[Data excerpts]

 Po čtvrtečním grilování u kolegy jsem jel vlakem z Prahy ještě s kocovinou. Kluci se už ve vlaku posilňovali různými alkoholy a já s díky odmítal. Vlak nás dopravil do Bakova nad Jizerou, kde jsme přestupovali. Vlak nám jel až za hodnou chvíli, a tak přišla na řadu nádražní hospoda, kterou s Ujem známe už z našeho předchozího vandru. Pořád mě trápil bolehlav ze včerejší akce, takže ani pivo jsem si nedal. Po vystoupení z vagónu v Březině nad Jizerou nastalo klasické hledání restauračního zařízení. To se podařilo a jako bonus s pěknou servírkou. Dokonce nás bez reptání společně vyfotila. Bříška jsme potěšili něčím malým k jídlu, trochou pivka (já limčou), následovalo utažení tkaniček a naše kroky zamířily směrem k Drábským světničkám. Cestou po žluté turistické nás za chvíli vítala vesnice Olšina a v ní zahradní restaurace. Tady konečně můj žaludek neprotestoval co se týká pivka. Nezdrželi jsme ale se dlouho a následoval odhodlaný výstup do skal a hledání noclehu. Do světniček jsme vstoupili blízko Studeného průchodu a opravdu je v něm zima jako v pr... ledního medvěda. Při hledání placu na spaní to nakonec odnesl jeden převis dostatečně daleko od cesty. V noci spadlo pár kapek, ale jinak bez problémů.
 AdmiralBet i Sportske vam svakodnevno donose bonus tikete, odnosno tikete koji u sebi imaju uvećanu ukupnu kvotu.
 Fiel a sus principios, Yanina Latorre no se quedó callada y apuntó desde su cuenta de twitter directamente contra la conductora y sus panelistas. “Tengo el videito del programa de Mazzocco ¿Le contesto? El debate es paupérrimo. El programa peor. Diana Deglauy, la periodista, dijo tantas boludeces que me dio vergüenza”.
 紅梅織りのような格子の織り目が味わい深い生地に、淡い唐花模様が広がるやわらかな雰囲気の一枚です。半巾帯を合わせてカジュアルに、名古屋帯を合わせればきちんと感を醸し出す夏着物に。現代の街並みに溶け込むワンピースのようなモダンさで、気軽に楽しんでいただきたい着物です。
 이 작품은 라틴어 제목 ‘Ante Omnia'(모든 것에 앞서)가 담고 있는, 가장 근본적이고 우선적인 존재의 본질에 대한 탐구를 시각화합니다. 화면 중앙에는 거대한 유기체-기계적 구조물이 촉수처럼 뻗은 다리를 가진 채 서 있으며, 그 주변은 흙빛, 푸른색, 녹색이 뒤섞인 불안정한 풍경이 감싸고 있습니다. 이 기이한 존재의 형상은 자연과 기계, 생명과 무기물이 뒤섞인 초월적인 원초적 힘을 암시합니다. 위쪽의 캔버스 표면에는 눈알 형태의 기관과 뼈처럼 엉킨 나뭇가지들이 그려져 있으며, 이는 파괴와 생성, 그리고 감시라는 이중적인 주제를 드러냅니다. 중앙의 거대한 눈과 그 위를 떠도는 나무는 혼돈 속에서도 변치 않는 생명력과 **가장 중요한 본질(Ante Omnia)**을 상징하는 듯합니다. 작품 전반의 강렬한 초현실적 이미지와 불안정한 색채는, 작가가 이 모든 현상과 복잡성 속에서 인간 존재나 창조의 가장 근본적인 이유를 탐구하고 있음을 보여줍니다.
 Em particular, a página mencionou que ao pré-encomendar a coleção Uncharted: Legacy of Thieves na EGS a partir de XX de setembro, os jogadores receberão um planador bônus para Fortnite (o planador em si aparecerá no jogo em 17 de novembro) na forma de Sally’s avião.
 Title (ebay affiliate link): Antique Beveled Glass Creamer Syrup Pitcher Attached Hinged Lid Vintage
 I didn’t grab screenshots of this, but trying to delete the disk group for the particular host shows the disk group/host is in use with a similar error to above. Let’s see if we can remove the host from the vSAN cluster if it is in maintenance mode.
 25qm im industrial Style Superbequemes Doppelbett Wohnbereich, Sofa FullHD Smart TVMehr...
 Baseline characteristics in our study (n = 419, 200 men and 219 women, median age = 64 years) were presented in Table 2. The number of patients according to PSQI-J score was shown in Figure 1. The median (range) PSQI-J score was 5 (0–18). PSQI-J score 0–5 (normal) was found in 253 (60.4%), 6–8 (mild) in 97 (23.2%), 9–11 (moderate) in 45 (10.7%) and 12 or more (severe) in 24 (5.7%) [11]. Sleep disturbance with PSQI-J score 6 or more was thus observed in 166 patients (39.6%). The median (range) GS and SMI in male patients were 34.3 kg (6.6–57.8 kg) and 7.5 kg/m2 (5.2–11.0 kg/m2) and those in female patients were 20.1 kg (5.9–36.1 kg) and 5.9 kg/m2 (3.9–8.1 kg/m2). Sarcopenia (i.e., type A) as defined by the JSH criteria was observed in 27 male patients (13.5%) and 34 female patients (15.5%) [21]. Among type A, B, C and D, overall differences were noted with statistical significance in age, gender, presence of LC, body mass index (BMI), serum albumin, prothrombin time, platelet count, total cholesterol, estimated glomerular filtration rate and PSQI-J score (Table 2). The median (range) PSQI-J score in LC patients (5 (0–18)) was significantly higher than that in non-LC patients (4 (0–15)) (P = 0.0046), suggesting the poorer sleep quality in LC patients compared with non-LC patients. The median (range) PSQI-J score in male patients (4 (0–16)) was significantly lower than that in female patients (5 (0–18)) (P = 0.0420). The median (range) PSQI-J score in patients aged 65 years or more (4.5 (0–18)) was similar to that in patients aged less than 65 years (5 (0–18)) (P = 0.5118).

_DIRECTIONS FOR THIS TASK:_
For every line above with the word "particular" in it, make a copy.

_WRITTEN RESPONSE:_
 Em particular, a página mencionou que ao pré-encomendar a coleção Uncharted: Legacy of Thieves na EGS a partir de XX de setembro, os jogadores receberão um planador bônus para Fortnite (o planador em si aparecerá no jogo em 17 de novembro) na forma de Sally’s avião.
 I didn’t grab screenshots of this, but trying to delete the disk group for the particular host shows the disk group/host is in use with a similar error to above. Let’s see if we can remove the host from the vSAN cluster if it is in maintenance mode.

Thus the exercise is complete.